(Beginning of Data for review)

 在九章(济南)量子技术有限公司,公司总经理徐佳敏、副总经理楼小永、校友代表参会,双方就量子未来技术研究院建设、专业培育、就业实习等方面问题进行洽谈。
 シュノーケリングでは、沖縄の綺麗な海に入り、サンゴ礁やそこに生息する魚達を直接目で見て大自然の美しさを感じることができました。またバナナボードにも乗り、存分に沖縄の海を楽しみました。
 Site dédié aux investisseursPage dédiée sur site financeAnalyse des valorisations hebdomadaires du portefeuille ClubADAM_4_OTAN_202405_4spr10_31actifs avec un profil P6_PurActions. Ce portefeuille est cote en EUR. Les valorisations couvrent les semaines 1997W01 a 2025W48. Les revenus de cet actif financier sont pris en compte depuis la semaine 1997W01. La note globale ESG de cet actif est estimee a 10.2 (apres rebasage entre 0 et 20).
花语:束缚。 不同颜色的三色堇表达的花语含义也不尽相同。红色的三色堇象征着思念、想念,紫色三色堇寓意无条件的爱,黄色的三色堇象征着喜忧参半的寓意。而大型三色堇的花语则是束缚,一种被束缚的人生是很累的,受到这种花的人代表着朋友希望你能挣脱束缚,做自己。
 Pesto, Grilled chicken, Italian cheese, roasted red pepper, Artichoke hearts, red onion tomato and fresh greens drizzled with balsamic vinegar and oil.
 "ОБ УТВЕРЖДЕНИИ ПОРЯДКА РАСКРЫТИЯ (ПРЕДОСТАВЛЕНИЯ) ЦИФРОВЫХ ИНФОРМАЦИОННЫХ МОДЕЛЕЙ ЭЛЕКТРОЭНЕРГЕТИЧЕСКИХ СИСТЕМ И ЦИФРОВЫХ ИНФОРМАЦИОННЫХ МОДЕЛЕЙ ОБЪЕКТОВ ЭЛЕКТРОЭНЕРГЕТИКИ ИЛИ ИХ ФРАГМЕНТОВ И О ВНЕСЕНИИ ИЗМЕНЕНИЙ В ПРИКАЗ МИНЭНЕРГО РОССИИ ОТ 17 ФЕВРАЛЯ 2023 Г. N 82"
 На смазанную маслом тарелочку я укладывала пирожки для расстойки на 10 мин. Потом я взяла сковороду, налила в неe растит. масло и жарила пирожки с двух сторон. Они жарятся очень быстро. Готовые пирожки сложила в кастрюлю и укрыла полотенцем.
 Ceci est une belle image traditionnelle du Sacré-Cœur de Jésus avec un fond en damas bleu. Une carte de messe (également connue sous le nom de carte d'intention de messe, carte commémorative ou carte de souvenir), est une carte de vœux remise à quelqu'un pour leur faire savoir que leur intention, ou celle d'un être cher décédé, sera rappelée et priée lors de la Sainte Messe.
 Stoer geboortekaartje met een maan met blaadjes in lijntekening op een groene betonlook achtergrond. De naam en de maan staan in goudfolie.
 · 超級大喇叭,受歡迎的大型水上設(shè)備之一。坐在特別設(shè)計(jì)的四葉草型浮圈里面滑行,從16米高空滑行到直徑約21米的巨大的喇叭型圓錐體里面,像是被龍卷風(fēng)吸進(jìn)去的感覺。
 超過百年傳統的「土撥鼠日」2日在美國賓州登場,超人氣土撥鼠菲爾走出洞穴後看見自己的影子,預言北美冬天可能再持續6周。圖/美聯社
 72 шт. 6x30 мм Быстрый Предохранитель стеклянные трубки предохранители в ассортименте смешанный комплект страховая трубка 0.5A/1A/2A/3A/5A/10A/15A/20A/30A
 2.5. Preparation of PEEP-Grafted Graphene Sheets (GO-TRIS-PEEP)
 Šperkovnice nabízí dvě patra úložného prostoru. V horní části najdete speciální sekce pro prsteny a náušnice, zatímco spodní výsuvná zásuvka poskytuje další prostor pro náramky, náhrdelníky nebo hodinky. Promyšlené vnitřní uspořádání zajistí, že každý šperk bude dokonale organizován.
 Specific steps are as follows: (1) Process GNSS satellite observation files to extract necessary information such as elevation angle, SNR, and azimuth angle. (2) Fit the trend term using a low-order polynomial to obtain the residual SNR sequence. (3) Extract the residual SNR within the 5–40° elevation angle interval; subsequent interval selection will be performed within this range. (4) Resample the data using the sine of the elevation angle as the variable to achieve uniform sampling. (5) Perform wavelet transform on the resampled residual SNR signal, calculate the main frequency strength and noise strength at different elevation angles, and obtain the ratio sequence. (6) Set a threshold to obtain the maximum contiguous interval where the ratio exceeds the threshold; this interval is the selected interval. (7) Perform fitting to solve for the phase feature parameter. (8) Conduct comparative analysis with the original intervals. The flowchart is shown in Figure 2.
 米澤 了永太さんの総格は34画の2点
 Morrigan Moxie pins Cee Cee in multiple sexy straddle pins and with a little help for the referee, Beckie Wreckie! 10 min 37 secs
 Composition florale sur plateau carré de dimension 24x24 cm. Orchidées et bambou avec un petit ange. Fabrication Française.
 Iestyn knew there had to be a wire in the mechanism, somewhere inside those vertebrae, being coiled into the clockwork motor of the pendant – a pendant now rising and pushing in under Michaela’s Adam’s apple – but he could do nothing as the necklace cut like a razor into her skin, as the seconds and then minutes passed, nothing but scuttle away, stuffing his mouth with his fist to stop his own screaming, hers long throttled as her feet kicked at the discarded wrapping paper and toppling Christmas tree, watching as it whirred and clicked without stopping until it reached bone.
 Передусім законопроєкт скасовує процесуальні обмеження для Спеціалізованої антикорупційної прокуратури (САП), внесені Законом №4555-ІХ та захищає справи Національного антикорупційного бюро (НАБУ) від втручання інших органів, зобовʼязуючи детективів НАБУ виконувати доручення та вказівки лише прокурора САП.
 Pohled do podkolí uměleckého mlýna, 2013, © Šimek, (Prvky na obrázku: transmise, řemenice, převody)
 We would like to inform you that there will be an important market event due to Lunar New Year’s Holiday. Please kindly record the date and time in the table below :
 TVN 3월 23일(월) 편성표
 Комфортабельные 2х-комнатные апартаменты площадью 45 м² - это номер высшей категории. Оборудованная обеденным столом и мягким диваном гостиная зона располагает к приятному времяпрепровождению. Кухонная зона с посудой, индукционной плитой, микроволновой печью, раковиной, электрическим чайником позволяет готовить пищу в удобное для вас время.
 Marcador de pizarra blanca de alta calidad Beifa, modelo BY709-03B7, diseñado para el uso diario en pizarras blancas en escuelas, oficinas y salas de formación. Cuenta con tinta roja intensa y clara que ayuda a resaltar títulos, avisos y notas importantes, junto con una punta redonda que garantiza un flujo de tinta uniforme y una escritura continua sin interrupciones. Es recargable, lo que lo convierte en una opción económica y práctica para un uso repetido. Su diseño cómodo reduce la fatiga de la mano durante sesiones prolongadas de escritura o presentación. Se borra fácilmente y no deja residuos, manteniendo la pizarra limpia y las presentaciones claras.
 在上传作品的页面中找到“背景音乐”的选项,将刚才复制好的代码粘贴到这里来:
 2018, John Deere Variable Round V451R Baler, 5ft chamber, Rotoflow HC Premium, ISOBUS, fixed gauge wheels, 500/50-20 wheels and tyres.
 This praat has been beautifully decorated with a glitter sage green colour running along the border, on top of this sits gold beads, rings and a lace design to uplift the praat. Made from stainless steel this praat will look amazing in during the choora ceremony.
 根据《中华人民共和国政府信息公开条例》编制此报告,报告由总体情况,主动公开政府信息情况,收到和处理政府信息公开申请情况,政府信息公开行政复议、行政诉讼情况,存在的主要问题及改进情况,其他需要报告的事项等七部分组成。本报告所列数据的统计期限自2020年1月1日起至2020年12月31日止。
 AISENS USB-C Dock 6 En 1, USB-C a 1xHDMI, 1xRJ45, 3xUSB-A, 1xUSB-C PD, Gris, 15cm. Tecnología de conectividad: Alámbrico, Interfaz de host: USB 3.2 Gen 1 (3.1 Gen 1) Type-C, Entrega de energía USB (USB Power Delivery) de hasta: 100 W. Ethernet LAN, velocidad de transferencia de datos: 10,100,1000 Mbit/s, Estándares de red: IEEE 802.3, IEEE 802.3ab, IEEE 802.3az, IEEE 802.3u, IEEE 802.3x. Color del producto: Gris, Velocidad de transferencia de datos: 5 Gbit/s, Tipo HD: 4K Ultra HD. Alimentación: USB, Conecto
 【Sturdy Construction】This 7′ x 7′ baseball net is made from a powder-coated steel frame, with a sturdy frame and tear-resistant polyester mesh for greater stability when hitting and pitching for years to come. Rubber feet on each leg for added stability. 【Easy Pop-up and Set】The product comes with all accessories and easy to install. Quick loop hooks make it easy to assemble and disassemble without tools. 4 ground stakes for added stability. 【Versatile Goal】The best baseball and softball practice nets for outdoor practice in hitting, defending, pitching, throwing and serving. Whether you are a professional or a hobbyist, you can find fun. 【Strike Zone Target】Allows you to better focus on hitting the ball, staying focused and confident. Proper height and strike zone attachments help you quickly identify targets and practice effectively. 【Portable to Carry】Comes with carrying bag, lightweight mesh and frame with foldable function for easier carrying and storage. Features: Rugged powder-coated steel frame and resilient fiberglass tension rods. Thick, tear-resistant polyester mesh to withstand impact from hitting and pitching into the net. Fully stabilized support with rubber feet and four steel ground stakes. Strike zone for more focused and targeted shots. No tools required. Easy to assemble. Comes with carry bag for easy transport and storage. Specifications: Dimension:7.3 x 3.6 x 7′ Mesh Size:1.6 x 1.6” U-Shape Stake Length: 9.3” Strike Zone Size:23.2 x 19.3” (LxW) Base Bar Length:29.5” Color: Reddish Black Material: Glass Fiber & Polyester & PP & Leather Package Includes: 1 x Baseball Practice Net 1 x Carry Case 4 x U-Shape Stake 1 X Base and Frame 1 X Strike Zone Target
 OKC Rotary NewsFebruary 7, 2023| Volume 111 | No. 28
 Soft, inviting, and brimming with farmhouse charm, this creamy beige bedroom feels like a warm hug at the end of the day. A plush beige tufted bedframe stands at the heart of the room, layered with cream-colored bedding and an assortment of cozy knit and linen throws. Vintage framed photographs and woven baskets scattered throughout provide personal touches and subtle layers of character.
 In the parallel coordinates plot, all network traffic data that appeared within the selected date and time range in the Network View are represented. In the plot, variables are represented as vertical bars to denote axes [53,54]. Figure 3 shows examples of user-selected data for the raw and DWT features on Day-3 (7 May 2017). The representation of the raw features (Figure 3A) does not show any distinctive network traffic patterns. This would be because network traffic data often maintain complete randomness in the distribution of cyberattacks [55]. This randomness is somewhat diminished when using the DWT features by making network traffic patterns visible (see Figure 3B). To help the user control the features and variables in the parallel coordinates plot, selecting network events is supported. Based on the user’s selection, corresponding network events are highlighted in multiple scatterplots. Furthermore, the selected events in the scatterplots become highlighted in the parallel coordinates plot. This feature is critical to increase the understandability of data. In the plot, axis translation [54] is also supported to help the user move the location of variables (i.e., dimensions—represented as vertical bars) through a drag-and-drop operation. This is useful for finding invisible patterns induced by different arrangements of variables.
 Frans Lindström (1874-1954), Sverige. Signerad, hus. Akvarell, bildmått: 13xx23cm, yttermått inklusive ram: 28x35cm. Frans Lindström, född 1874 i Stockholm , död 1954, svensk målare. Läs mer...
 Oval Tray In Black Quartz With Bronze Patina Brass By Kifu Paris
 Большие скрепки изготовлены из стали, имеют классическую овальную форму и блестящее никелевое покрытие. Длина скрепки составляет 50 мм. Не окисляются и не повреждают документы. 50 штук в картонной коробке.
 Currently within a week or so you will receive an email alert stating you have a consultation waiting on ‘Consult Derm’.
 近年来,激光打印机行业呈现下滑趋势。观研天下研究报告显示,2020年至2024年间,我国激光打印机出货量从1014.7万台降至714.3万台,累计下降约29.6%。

(End of Data for review)

• **Assigned task**
Take the entries above and return only the lines from the one with "超過百年傳統的「土撥鼠日」2" to the one with "2.5. Preparation of", both included, unchanged.

• **Response to the task**
 超過百年傳統的「土撥鼠日」2日在美國賓州登場,超人氣土撥鼠菲爾走出洞穴後看見自己的影子,預言北美冬天可能再持續6周。圖/美聯社
 72 шт. 6x30 мм Быстрый Предохранитель стеклянные трубки предохранители в ассортименте смешанный комплект страховая трубка 0.5A/1A/2A/3A/5A/10A/15A/20A/30A
 2.5. Preparation of PEEP-Grafted Graphene Sheets (GO-TRIS-PEEP)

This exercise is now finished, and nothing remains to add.